→ **ASSIGNMENT**
Leave every image out, and return the rest of the data word for word.

→ **COLLECTED MATERIAL**
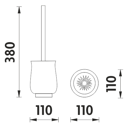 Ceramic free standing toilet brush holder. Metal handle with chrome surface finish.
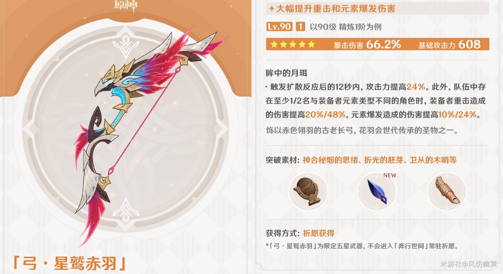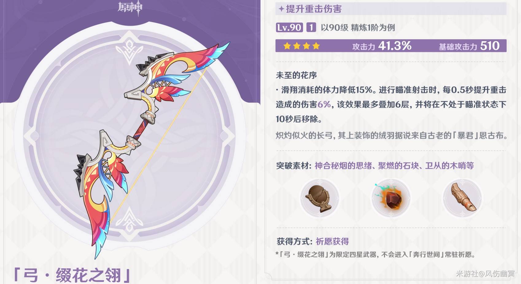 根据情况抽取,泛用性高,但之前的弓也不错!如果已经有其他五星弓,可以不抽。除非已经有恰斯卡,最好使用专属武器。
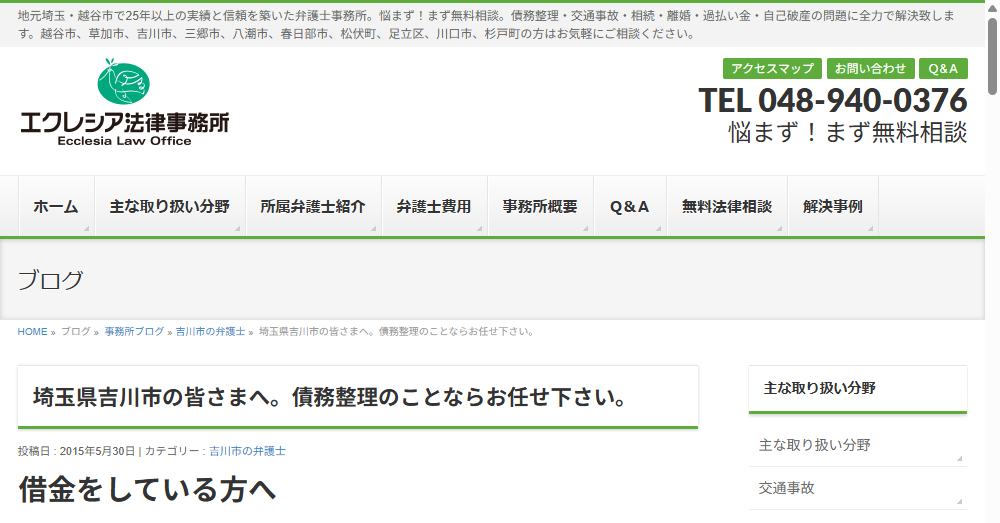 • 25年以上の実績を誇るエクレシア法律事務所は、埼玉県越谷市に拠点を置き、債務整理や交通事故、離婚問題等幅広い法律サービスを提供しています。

→ **YOUR RESPONSE**
 Ceramic free standing toilet brush holder. Metal handle with chrome surface finish.
 根据情况抽取,泛用性高,但之前的弓也不错!如果已经有其他五星弓,可以不抽。除非已经有恰斯卡,最好使用专属武器。
 • 25年以上の実績を誇るエクレシア法律事務所は、埼玉県越谷市に拠点を置き、債務整理や交通事故、離婚問題等幅広い法律サービスを提供しています。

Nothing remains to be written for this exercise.